The proctodæum is formed considerably later than the stomodæum. It is a comparatively shallow involution, which forms the rectum of the adult. It is dilated at its extremity, and two Malpighian vessels early grow out from it.

The mesenteron is formed in the interior of the yolk. Its walls are derived from the cellular elements of the yolk, and the first section to be formed is the hinder extremity, which appears as a short tube ending blindly behind in contact with the proctodæum, and open to the yolk in front. The later history of the mesenteron has not been followed, but it undoubtedly includes the whole of the abdominal section of the alimentary canal of the adult, except the rectum, and probably also the thoracic section. The later history of the yolk which encloses the mesenteron has not been satisfactorily studied, though it no doubt gives rise to the hepatic tubes, and probably also to the thoracic diverticula of the alimentary tract.

The general history of the alimentary tract in Scorpio is much the same as in Spiders. The hypoblast, the origin of which as mentioned above is somewhat uncertain, first appears on the ventral side and gradually spreads so as to envelop the yolk, and form the wall of the mesenteron, from which the liver is formed as a pair of lateral outgrowths. The proctodæum and stomodæum are both short, especially the former (vide [fig. 207]).

Summary and general conclusions.

The embryonic forms of Scorpio and Spiders are very similar, but in spite of the general similarity of Chelifer to Scorpio, the embryo of the former differs far more from that of Scorpio than the latter does from Spiders. This peculiarity is probably to be explained by the early period at which Chelifer is hatched; and though a more thorough investigation of this interesting form is much to be desired, it does not seem probable that its larva is a primitive type.

The larvæ of the Acarina with their peculiar ecdyses are to be regarded as much modified larval forms. It is not however easy to assign a meaning to the hexapodous stage through which they generally pass.

With reference to the segments and appendages, some interesting points are brought out by the embryological study of these forms.

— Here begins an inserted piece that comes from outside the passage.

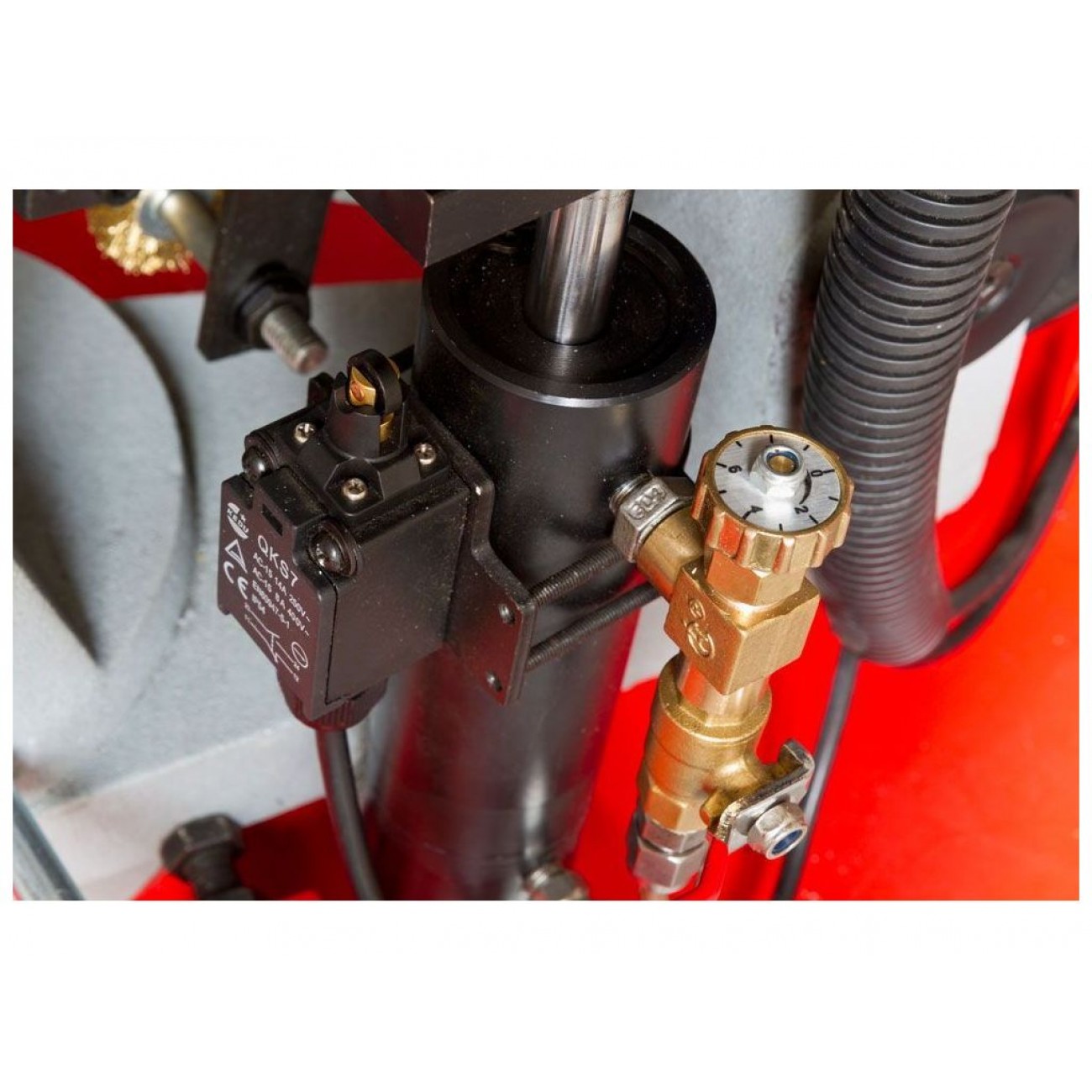Гідроциліндр, який використовується для опускання голови стрічкової пили, забезпечує плавне та контрольоване опускання, що дозволяє точно контролювати процес різання. Також гідроциліндр дозволяє зафіксувати ріжучу голову на довільній зручній для конкретної заготовки висоті, щоб початок опускання голови відбувався безпосередньо над заготовкою, а не від крайнього верхнього положення

The maximum number of segments is present in the Scorpion, in which nineteen segments (not including the præ-oral lobes, but including the telson) are developed. Of these the first twelve segments have traces of appendages, but the appendages of the six last of these (unless the pecten is an appendage) atrophy. In Spiders there are indications in the embryo of sixteen segments and in all the Arachnida, except the Acarina, at the least four segments bear appendages in the embryo which are without them in the adult. The morphological bearings of this fact are obvious.

It deserves to be noted that, in both Scorpio and the Spider, the cheliceræ are borne in the embryo by the first post-oral segment, and provided with a distinct ganglion, so that they cannot correspond (as they are usually supposed to do) with the antennæ of Insects, which are always developed on the præ-oral lobes, and never supplied by an independent ganglion.

The cheliceræ would seem probably to correspond with the mandibles of Insects, and the antennæ to be absent. In favour of this view is the fact that the embryonic ganglion of the mandibles of Insects is stated (cf. Lepidoptera, Hatschek, p. [340]) to become, like the ganglion of the cheliceræ, converted into part of the œsophageal commissure.